Wednesday, July 27, 2005

Focus On the Energy Bill: Peaking power plants or baseload power plants?

The Christian Science Monitor has published an article entitled: Cost of electricity rising like summer heat. In the article, they summarize the difference to a utility (and the consumers) whether electricity demand is met with baseload plants or peaking plants, which are more expensive, often higher in emissions, and are designed and built to run only for short periods of the year when demand is highest.

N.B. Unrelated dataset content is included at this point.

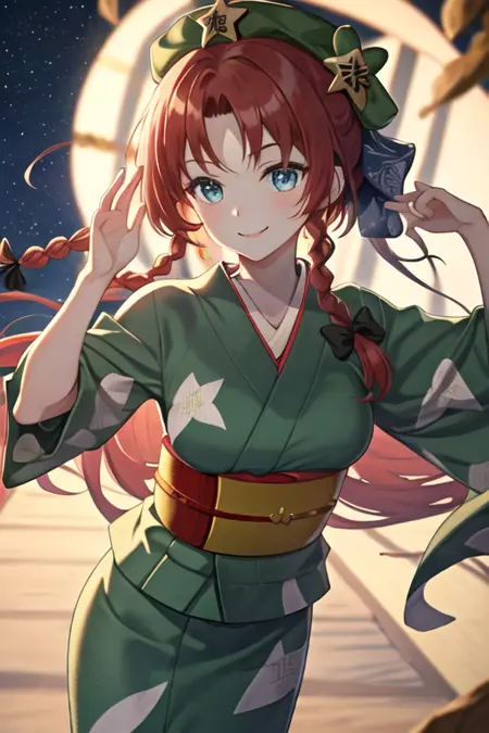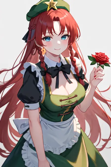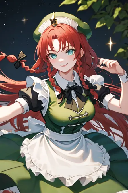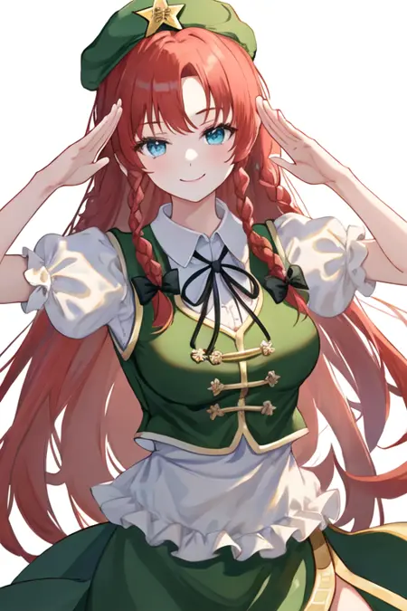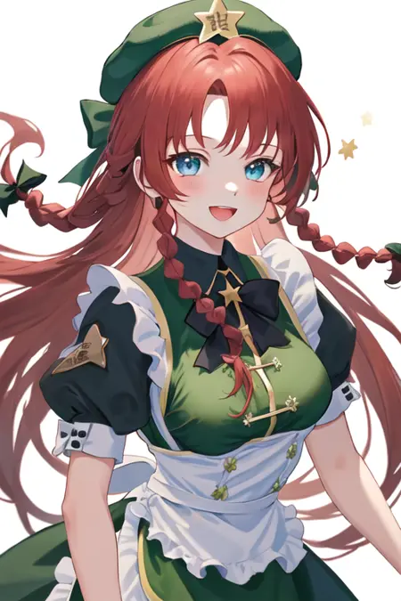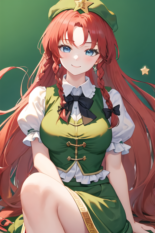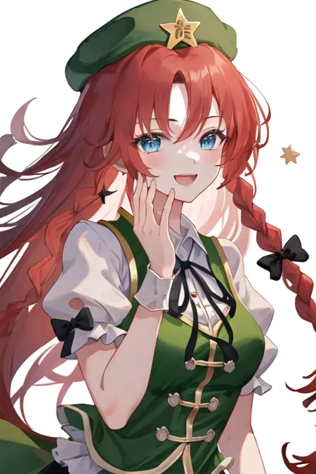 The trigger word is hong_meiling_touhou, and the recommended tags are best quality, masterpiece, highres, solo, {hong_meiling_touhou:1.15}, braid, long_hair, red_hair, twin_braids, star_\(symbol\), hat, hat_ornament, star_hat_ornament, beret, smile, bow, bangs, blue_eyes, breasts, hair_bow, ribbon, green_headwear, green_eyes.

But this summer has been so hot that to meet the soaring demand, many utilities have had to turn to more expensive power plants, known as "peak generating plants." Instead of relying on coal or nuclear fuel, many of these power producers use more expensive oil or natural gas to power their turbines.
The article also includes an illuminating quote the demonstrates conservation at its absolute worst.
"The reason we are calling on the president is our concern about the impact of high temperatures on people's health, and we know that many low-income and elderly people don't turn on their air conditioning because they are afraid of the bills," says Mark Wolfe, executive director of the National Energy Assistance Directors' Association in Washington.
How do we lower the electricity bills for those who can least afford (yet most need) the benefits that abundant, inexpensive power can provide? More of the cleanest baseload power stations: nuclear power is best positioned for expansion, in ways that hydropower cannot.

Support for the energy bill is critical at this juncture, as a good policy for all Americans, particularly the portions of the policy that advance construction of new nuclear power stations.